The AP US History controversy

Being educated and going to college makes you 'elitist' in their minds

More and more studies, more and more evidence, show heavy correlations between the following:

  • Desire to learn more, curiosity about the world, curiosity about new things, is highly correlated with being a self-described "liberal";
  • Lack of desire to learn more, lack of curiosity about the world, reacting to new things with reluctance or even fear, is highly correlated with being a self-described "conservative".

University is1 all about having your existing perspectives challenged, and learning new things to broaden your horizons about the world. Self-described liberals have the personality type that likes that sort of thing. Self-described conservatives have the personality type that finds that threatening. And when the liberals graduate from college and try to act upon and share their broader knowledge and broader perspective, conservatives find that threatening. So they mock it.

This, of course, is A Bad Thing, because the result is that if real evidence and data and actual results from what's happening in the real world suggest that public policy or something else should change in order to be better/more effective/more efficient/cheaper/whatever, you end up with liberals saying "Let's make the change and make improvements and make things better!", and conservatives saying "I don't wanna change things, things are fine the way we are, stop rocking the boat," which makes them look like hypocrites when they whine about government waste and inefficiency at the same time that they whine about not wanting to make changes that would reduce waste and inefficiency.

Seriously, putting your fingers in your ears and shouting "La la la I can't HEAR you!" as a reaction to new knowledge, which has been a huge part of GOP SOP for the last few decades, is a piss-poor way to govern a nation or a state or a county. But that, in a grossly over-generalized way, is exactly what's been happening.

Al Gore was too much of an intellectual...Kerry was too international and too 'French'...Obama is an elitist with his fancy law degree and his position at Harvard...in a nutshell, they were 'too educated'.

Funny how Mitt Romney's graduating from Harvard's joint-MBA-JD program didn't seem to be a problem in 2012.
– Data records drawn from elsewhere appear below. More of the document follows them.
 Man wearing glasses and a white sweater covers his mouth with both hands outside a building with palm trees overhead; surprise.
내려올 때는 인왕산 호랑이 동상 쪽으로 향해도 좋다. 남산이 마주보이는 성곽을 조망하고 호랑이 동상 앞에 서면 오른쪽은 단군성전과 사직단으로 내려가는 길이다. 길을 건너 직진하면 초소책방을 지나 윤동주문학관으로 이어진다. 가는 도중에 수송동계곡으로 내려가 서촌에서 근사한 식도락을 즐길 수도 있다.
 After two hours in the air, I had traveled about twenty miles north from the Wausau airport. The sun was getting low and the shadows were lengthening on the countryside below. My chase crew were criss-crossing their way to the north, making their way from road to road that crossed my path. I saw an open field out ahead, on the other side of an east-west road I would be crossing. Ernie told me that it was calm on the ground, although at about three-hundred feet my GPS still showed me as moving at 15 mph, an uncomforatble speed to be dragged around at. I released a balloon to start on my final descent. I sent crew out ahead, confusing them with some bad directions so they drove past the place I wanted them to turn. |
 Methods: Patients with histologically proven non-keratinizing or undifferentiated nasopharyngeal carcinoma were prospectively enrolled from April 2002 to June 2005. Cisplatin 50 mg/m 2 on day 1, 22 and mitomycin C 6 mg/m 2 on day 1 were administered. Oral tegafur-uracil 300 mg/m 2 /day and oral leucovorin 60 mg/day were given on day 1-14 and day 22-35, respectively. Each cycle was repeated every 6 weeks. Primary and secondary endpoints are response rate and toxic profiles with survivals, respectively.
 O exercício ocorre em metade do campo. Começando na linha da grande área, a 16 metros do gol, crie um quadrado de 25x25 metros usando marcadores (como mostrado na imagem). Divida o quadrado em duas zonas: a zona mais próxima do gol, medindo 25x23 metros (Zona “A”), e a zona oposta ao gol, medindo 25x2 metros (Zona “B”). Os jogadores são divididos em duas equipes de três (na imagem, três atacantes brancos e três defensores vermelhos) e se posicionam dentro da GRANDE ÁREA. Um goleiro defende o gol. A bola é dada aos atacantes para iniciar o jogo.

ObFootnote: 1 Of course, a lot of "conservatives" think universities should change to being places which would spit out, as George Carlin put it in his "American Dream" bit, "Obedient workers, people who are just smart enough to run the machines and do the paperwork. And just dumb enough to passively accept all these increasingly shitty jobs with the lower pay, the longer hours, the reduced benefits, the end of overtime and vanishing pension that disappears the minute you go to collect it...." For evidence, see what Scott Walker is trying to do to the University of Wisconsin system, such as removing that whole "search for truth" bit.